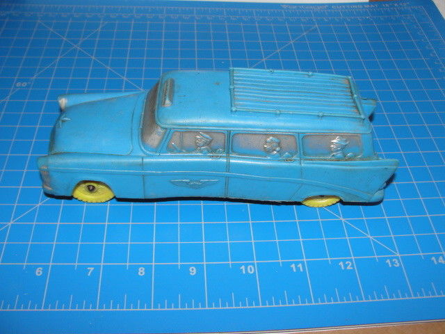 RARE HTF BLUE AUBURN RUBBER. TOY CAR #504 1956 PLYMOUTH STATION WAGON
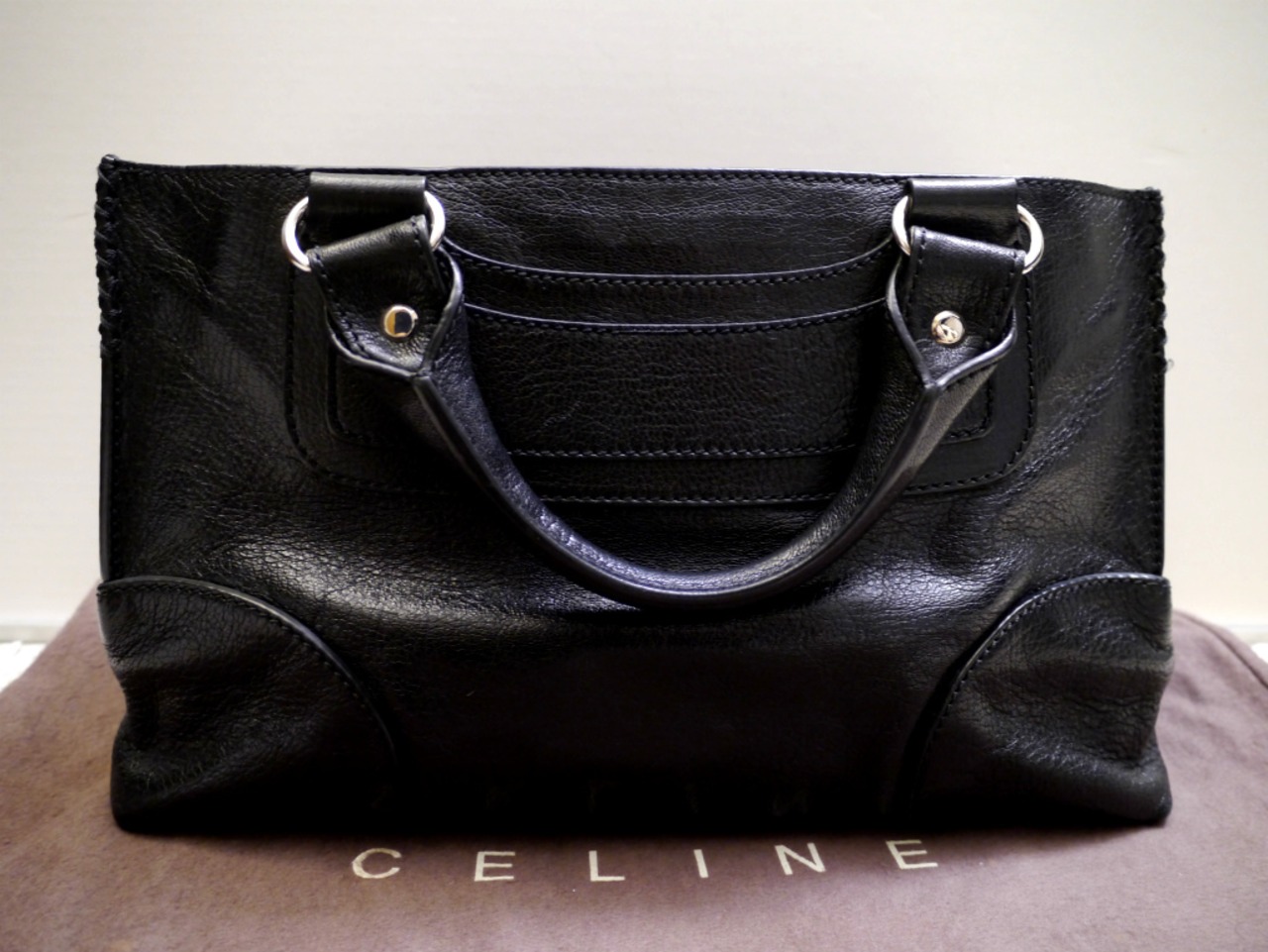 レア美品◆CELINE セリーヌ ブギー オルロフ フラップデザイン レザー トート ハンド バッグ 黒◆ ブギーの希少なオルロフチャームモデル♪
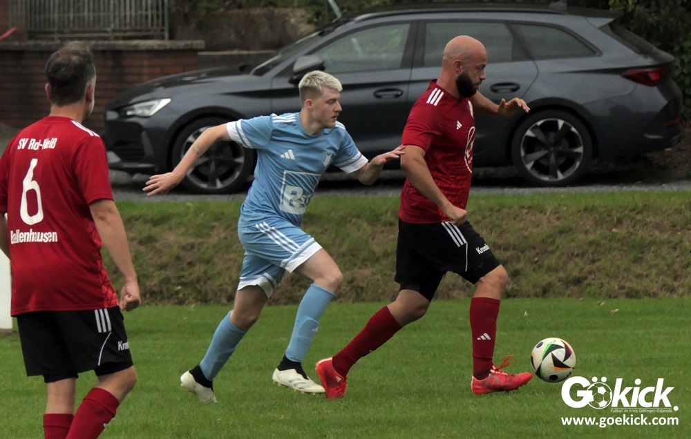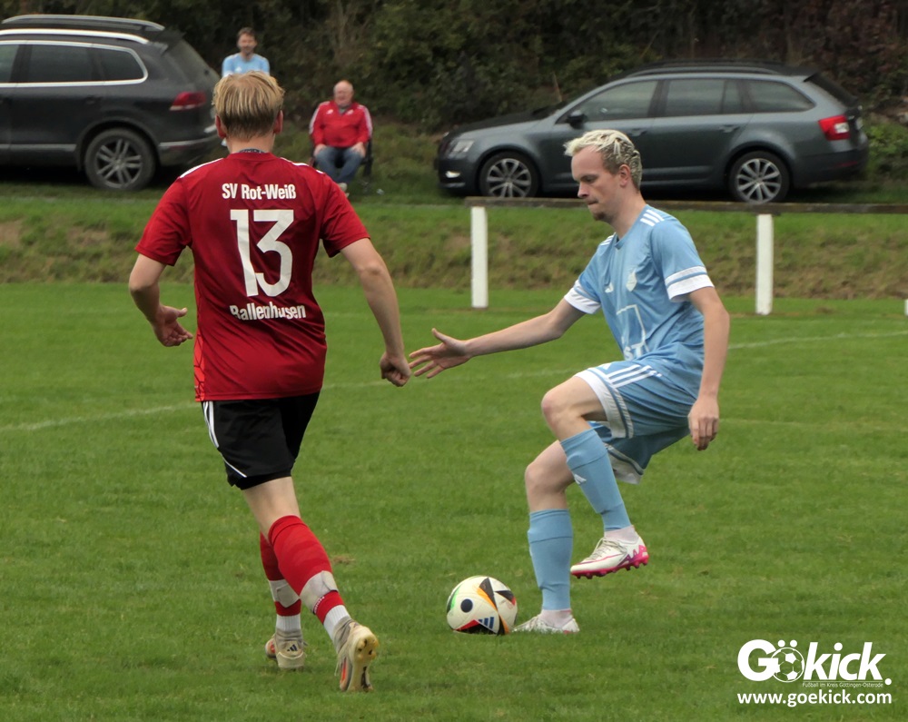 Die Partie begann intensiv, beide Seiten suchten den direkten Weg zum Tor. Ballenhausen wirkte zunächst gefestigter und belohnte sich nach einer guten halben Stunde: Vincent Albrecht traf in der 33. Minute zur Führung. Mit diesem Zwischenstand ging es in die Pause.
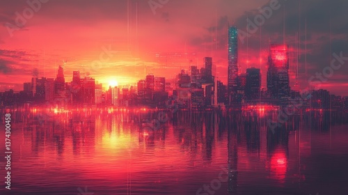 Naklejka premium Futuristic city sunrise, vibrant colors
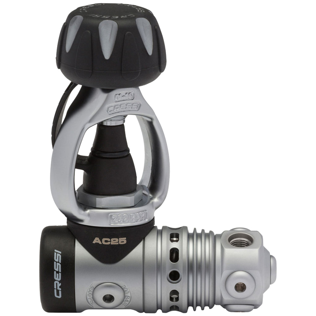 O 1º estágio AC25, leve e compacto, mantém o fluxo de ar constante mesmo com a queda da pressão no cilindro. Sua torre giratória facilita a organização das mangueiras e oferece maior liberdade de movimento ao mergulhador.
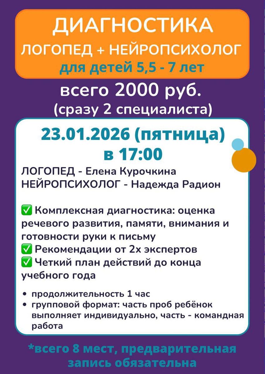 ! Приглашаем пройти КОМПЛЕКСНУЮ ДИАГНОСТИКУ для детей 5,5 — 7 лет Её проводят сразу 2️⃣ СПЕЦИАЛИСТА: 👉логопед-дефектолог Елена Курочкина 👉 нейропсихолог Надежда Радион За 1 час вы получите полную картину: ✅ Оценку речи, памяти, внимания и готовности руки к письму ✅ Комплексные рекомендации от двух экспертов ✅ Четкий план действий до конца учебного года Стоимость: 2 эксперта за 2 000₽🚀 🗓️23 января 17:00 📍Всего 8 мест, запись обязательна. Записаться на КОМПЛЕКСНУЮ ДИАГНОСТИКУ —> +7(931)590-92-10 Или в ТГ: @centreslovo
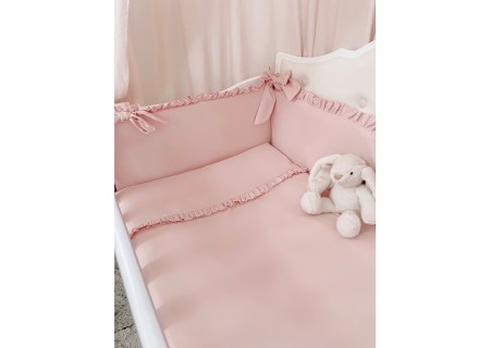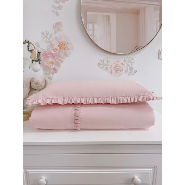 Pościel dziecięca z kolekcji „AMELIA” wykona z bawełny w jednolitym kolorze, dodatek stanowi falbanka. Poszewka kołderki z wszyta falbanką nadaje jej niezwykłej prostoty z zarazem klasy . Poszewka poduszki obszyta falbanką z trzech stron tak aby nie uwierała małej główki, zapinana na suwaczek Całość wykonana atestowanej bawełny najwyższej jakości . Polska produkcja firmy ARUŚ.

-=-=-=-=-

Exercise prompt
The images in the entries above should be left out; please reproduce exactly the lines from the first through the one containing "O 1º estágio".

Task output
 RARE HTF BLUE AUBURN RUBBER. TOY CAR #504 1956 PLYMOUTH STATION WAGON
 レア美品◆CELINE セリーヌ ブギー オルロフ フラップデザイン レザー トート ハンド バッグ 黒◆ ブギーの希少なオルロフチャームモデル♪
 Die Partie begann intensiv, beide Seiten suchten den direkten Weg zum Tor. Ballenhausen wirkte zunächst gefestigter und belohnte sich nach einer guten halben Stunde: Vincent Albrecht traf in der 33. Minute zur Führung. Mit diesem Zwischenstand ging es in die Pause.
 Naklejka premium Futuristic city sunrise, vibrant colors
 O 1º estágio AC25, leve e compacto, mantém o fluxo de ar constante mesmo com a queda da pressão no cilindro. Sua torre giratória facilita a organização das mangueiras e oferece maior liberdade de movimento ao mergulhador.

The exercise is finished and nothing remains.